* [PROVIDED MATERIAL]
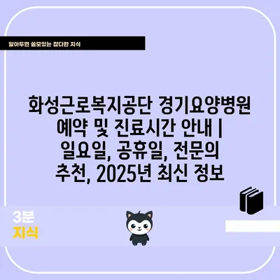 화성근로복지공단 경기요양병원 예약 및 진료시간 공지 | 일요일, 공휴일, 전연락 추천, 2025년 최신 정보 에 대해 자주 묻는 질문 TOP 5
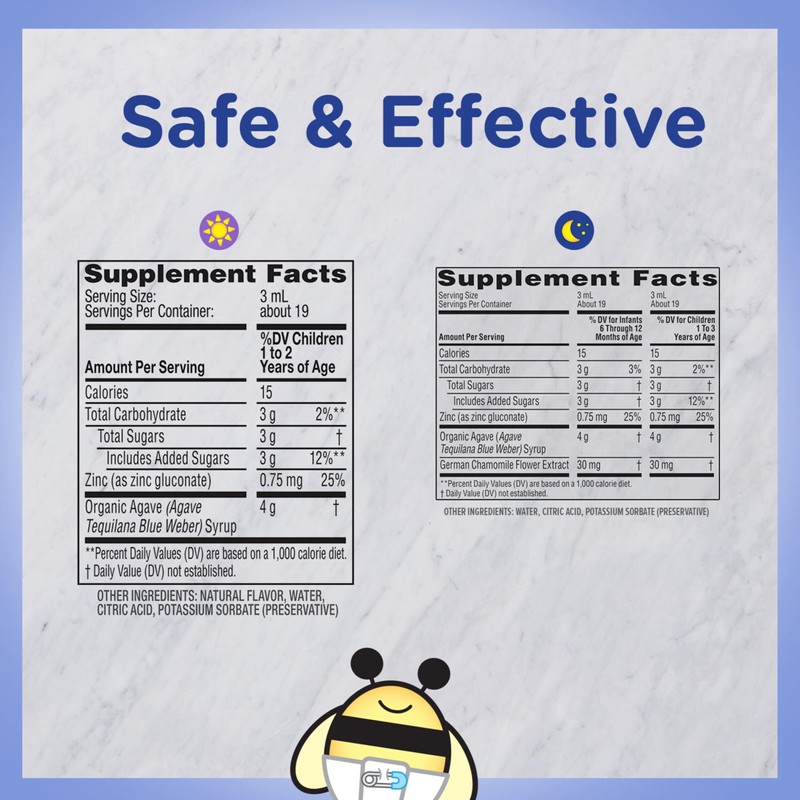 Zarbee's Baby Daytime & Nighttime Cough Syrup + Immune with Organic Agave + Zinc, Daytime Cough Syrup, Grape, & Nighttime Cough Syrup with Chamomile, Agave Taste, Two Pack, 2 x 2 fl. oz
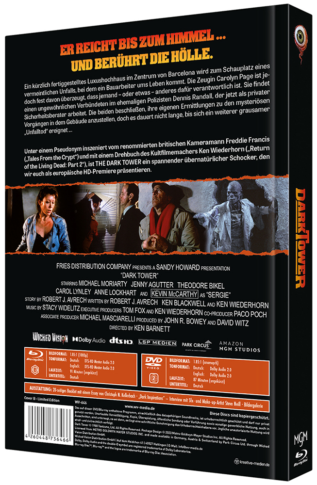 Unter einem Pseudonym inszeniert vom renommierten britischen Kameramann Freddie Francis („Tales From the Crypt“) und mit einem Drehbuch des Kultfilmemachers Ken Wiederhorn („Return of the Living Dead: Part 2“), ist THE DARK TOWER ein spannender übernatürlicher Schocker, den wir euch als europäische HD-Premiere präsentieren.

* [EXERCISE]
Leaving out the pictures, repeat the data above exactly.

* [TASK RESULT]
 화성근로복지공단 경기요양병원 예약 및 진료시간 공지 | 일요일, 공휴일, 전연락 추천, 2025년 최신 정보 에 대해 자주 묻는 질문 TOP 5
 Zarbee's Baby Daytime & Nighttime Cough Syrup + Immune with Organic Agave + Zinc, Daytime Cough Syrup, Grape, & Nighttime Cough Syrup with Chamomile, Agave Taste, Two Pack, 2 x 2 fl. oz
 Unter einem Pseudonym inszeniert vom renommierten britischen Kameramann Freddie Francis („Tales From the Crypt“) und mit einem Drehbuch des Kultfilmemachers Ken Wiederhorn („Return of the Living Dead: Part 2“), ist THE DARK TOWER ein spannender übernatürlicher Schocker, den wir euch als europäische HD-Premiere präsentieren.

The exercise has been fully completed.